Source data:
- - -
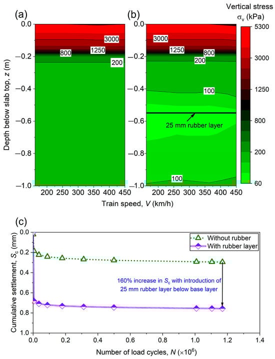 - The use of a scrap rubber layer reduces the vertical stress by up to 50% within the substructure of the slab track.
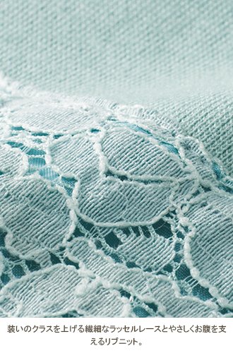 - 装いのクラスを上げる繊細なラッセルレースとやさしくお腹を支えるリブニット。
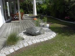 Mediterraner Garten Mit Sitzplatz Aus Polygonalpflaster Rattan Sitzmobeln Holzsteg Uber Kiesbeet Und Grossem Fin Mediterraner Garten Garten Mediteraner Garten
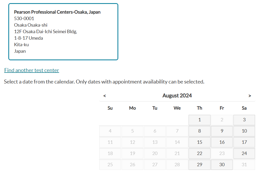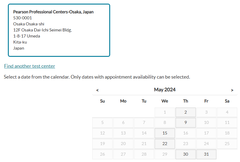 6월에는 오사카 피어슨뷰 센터에 그나마 8일 토요일 자리가 하나 있습니다. 지금 가장 유력하게 선택을 고민중인 날짜는 6월 7일, 8일 입니다.
- - -
Set down again, exactly, the lines from the one with "Mediterraner Garten Mit" to the last line of the data, both included and pictures excluded.

Worked solution:
 Mediterraner Garten Mit Sitzplatz Aus Polygonalpflaster Rattan Sitzmobeln Holzsteg Uber Kiesbeet Und Grossem Fin Mediterraner Garten Garten Mediteraner Garten
 6월에는 오사카 피어슨뷰 센터에 그나마 8일 토요일 자리가 하나 있습니다. 지금 가장 유력하게 선택을 고민중인 날짜는 6월 7일, 8일 입니다.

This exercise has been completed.